Wednesday would not have been as successful of a show if it didn’t rely on the tropes and cliches we have come to recognise and find comfort in. What makes Wednesday interesting isn’t the use or not use of tropes, but rather the interpretation put on a commonly used motif. The nostalgia of both the plot and the characters help us to find comfort in something that is making a larger statement about the discomfort of our contemporary society. The hate has not gone away from the town surrounding the school, and unlike Veronica Mars, there is no reason given for the hate from the town. This is because it’s echoing hate that is often not given reason.

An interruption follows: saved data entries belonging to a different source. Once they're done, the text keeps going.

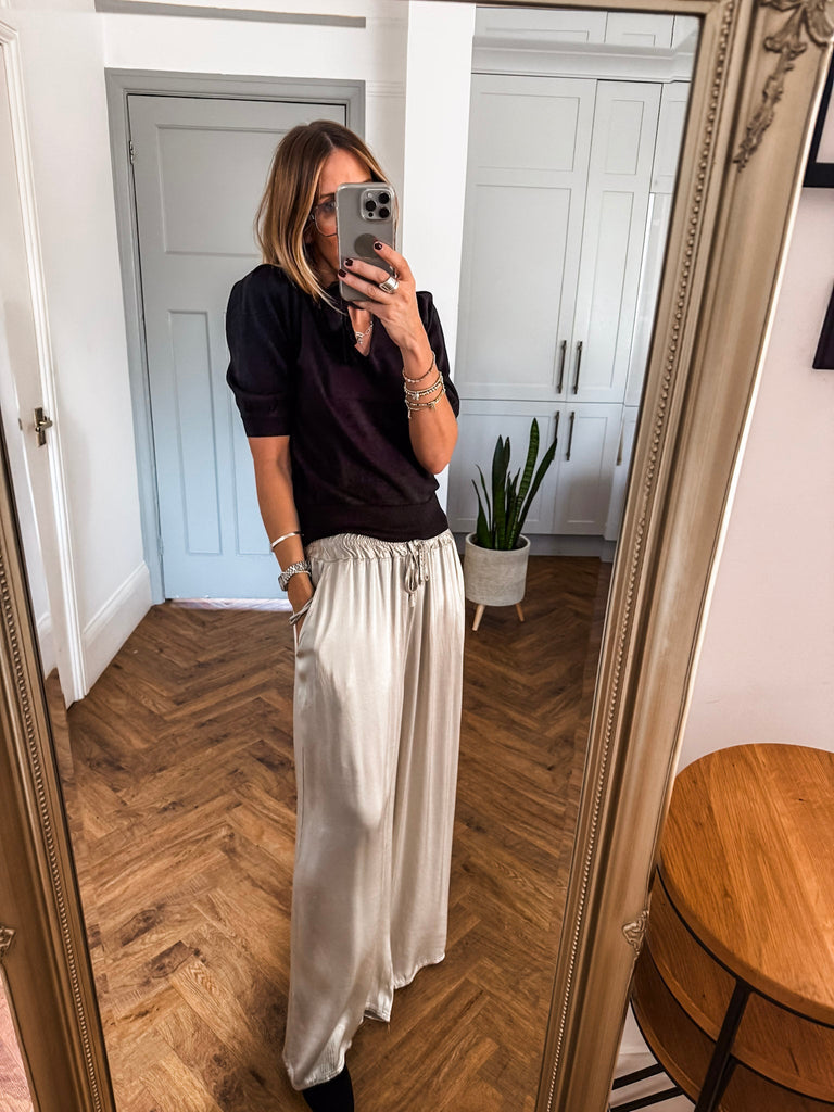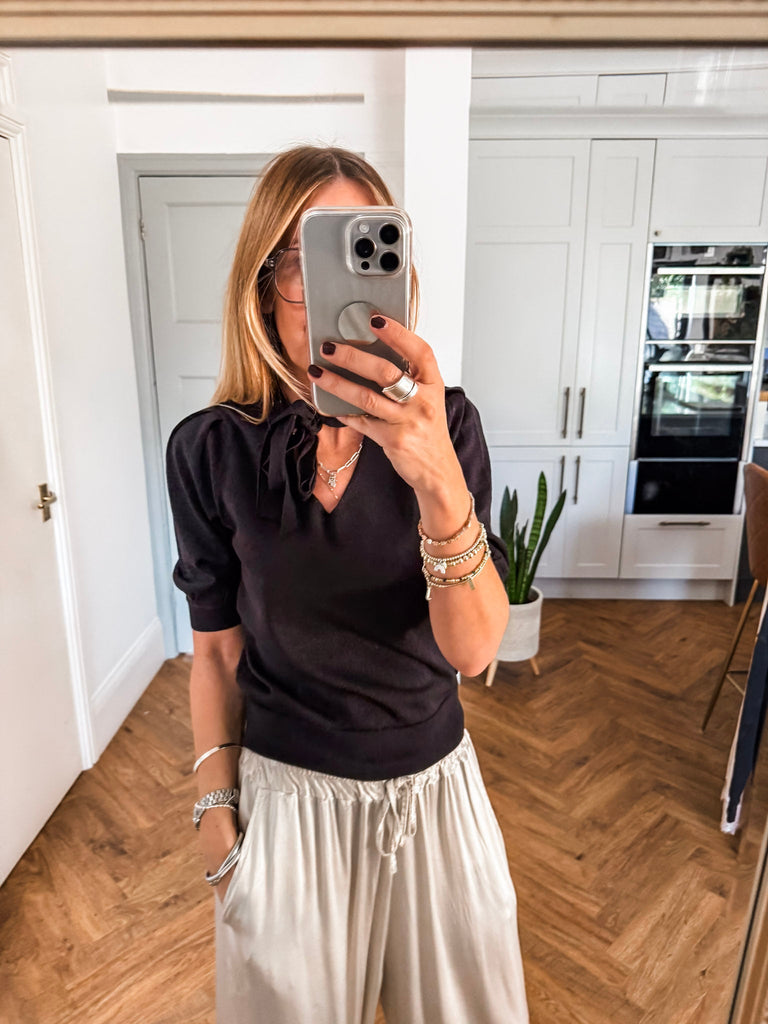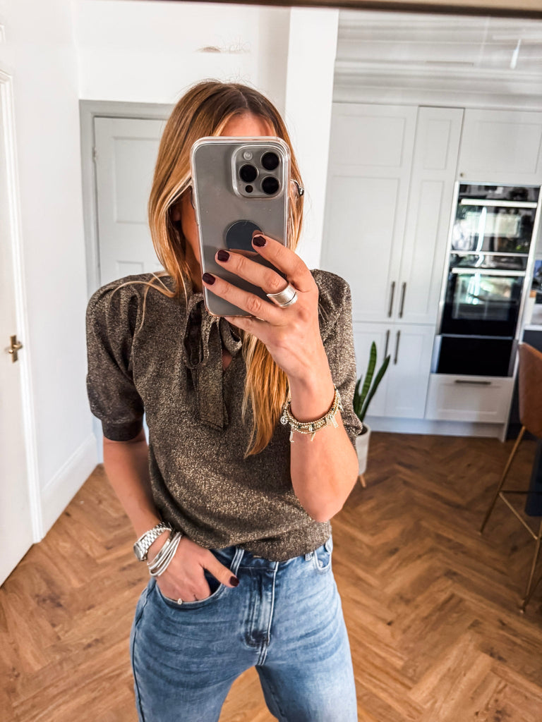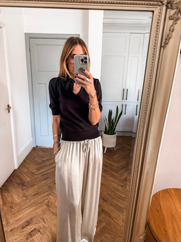 We love the bow jumper for its bold texture and effortlessly flattering fit. The fine glitter print adds a unique edge while staying polished and versatile. It’s the perfect piece to add instant impact to your wardrobe with minimal effort.
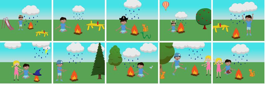 130. "Oh no!" shouts Jenny as it begins to rain! Mike is mad because the rain will make the fire go out!
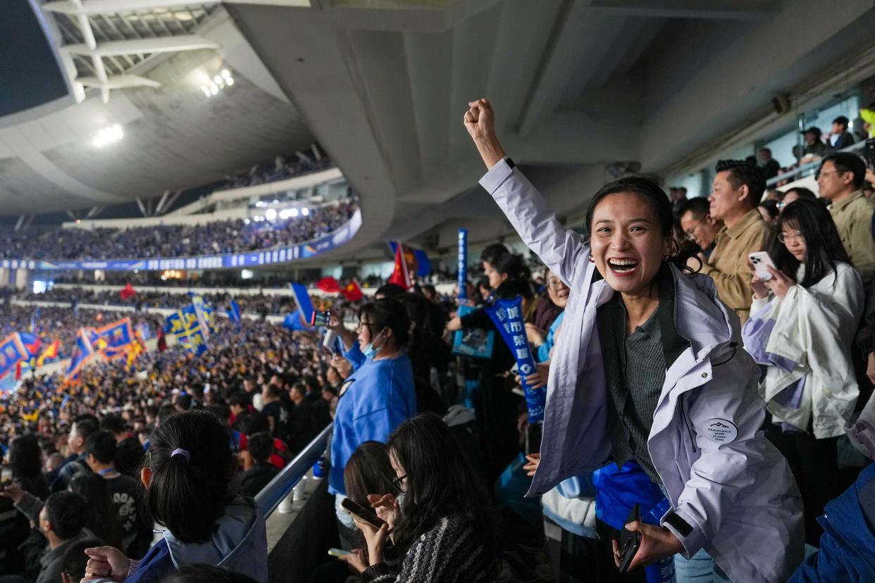 11月1日,一名球迷在看台为双方球队加油。新华社记者 李博 摄
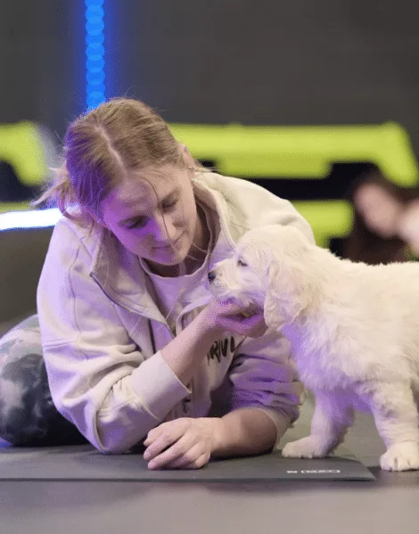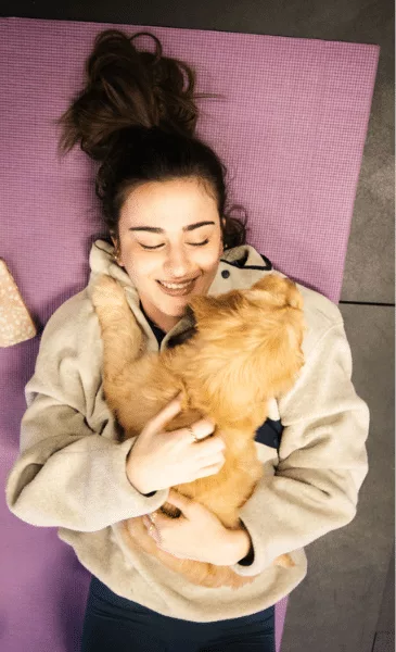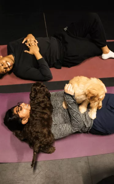 Expect stress to melt away. The combination of light movement, laughter, and puppy cuddles can boost your mood, calm your nervous system, and leave you feeling recharged. It’s not just good for your body, it’s powerful self-care for the soul
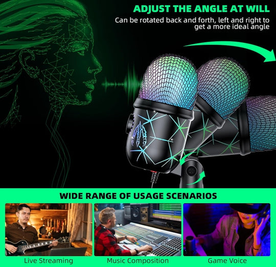 Gaming Microphone, USB PC Mic for Streaming, Podcasts, Recording, Condenser Computer Desktop Mic
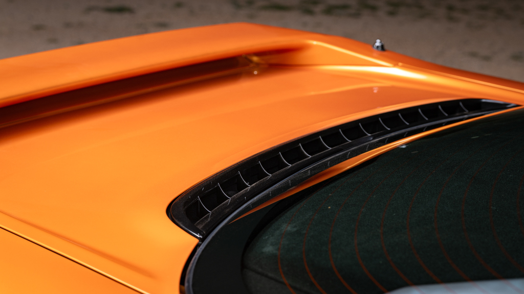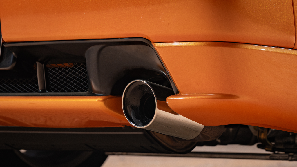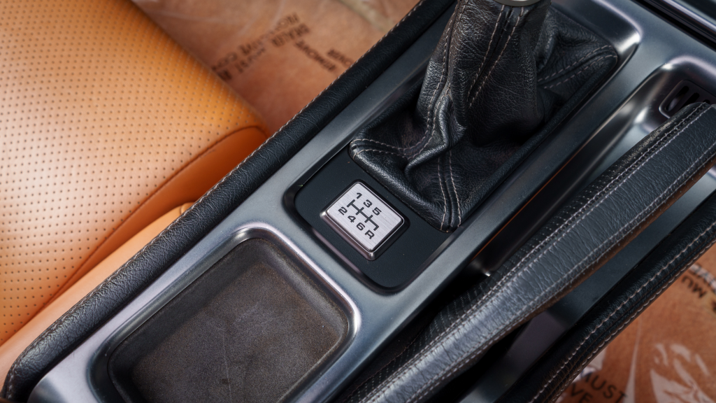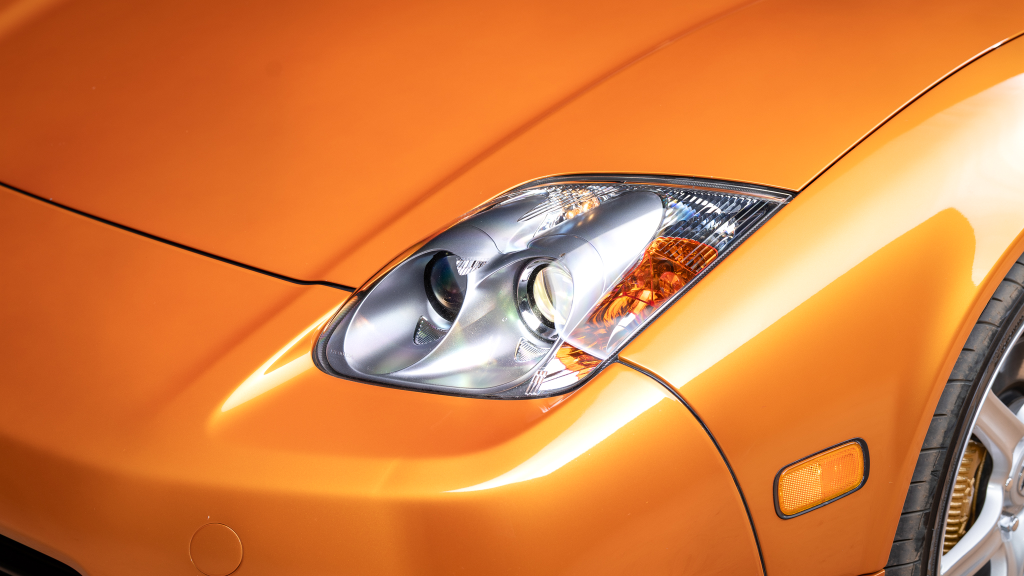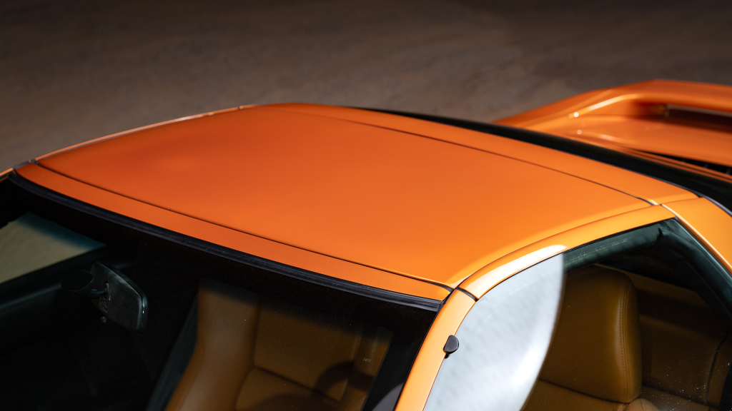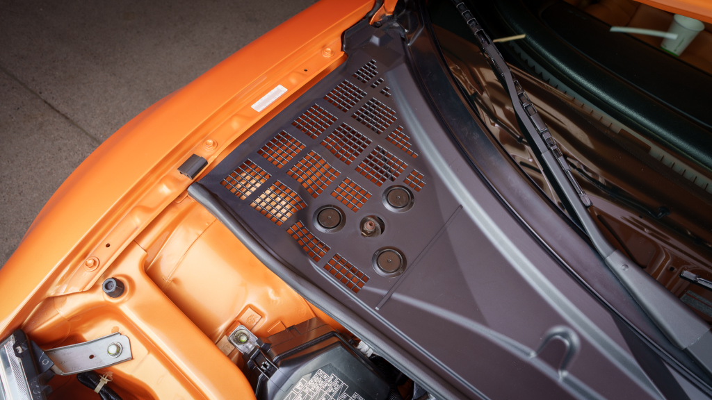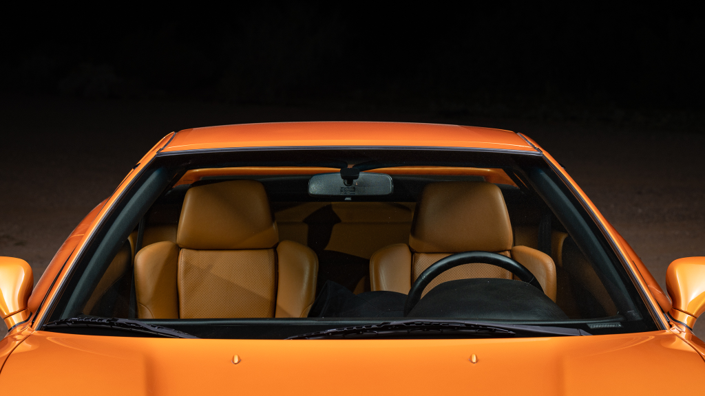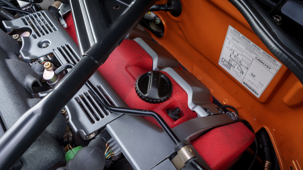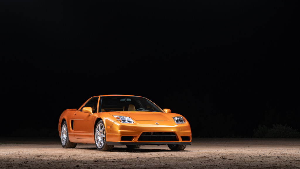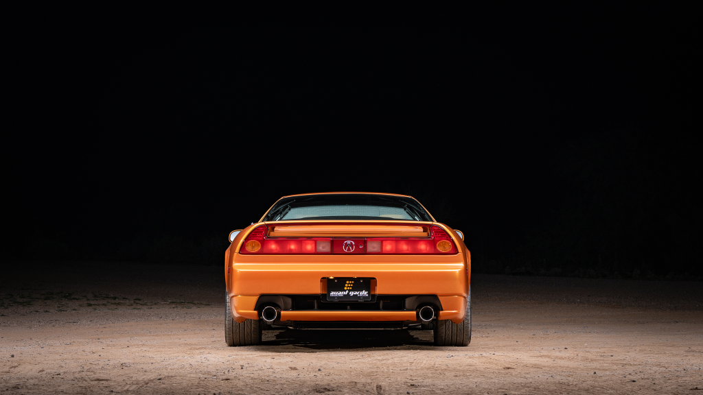 The NSX featured aluminum bodywork, and this example is finished in Imola Orange Pearl with a body-color removable roof panel. Features include xenon headlights, an integrated rear wing with an LED brake light, side air intakes, power-adjustable side mirrors, and dual exhaust outlets. Paint-less dent repair was performed on the body in preparation for the sale, at which time a paint correction was also carried out.
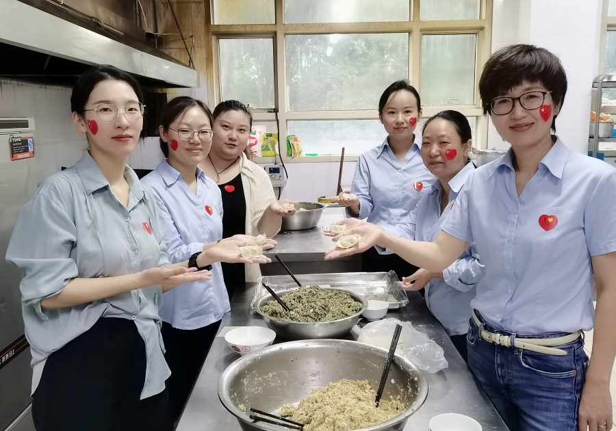 食堂里,師傅們?cè)缫褱?zhǔn)備好了餡料和餛飩皮,就等著包餛飩能手們大展身手。將餛飩皮攤在手心,舀上餡料,一折一捏,一個(gè)美觀飽滿的餛飩就包好了。在大家的巧手下,滿滿幾大盆的餡料很快見底,取而代之的是一盤盤美味可口的餛飩。
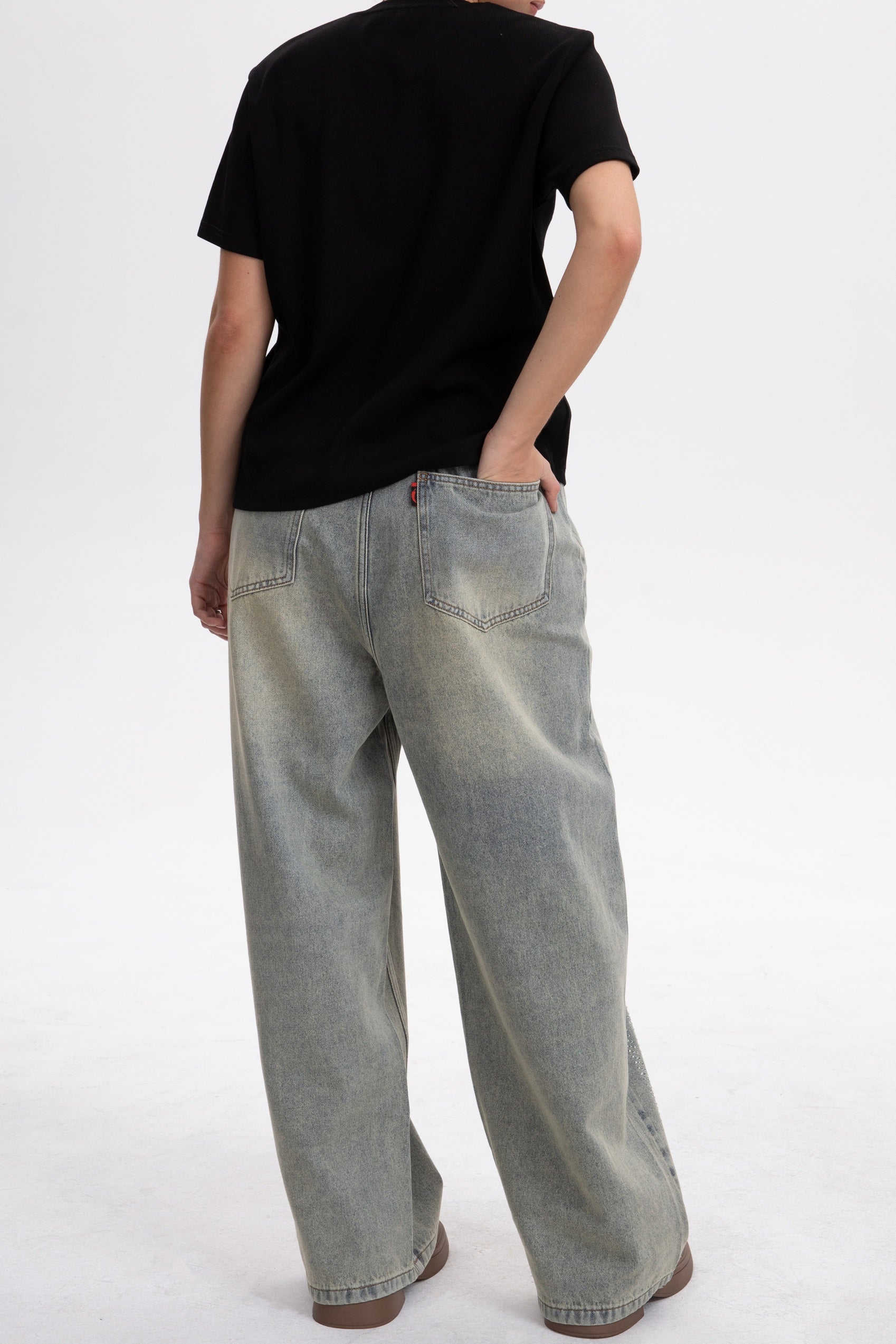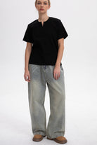 Crafted from high-density, thick denim that holds its wide-leg shape. The added weight ensures the fabric falls in a clean, vertical line, effectively masking feminine curves and enhancing a straight-leg look.

The use of kids as protagonists is important as it demonstrates hate as a learned behaviour, rather than something that is inherent. Teenagers are young enough to still change their mind as they slowly become adults, but also have already been given the innate hate from their parents through learned behaviour. We see the struggle of this in the very cliche prom episode, when Lucas Walker, the son of the mayor, spends enough time with Enid and the other outcasts to feel like they’re also just teenagers like him. The coming of age narrative, something that in itself is a trope, is one which is a process of unlearning.
So yes, Wedneday is full of cliches. But that doesn’t make it necessarily bad. In fact, without these I don’t think the show would have been nearly as successful as it was. Tropes are tropes for a reason, cliches are overused for a reason: we find comfort in them. Narratives structures like the Hero’s Journey or the 3 Act structure are structures that give us comfort, and what makes up these structures is also important. Wednesday relies on this comfort to craft what matters most to the show itself, and to lull their viewers into a sense of ease. And this ease is important to make sure the audience is on the show’s side when it comes to their primary statements about outcasts and the Other.
While Wednesday is full of cliches, it’s also full of cliches for a reason. And I say, bring on more of it all.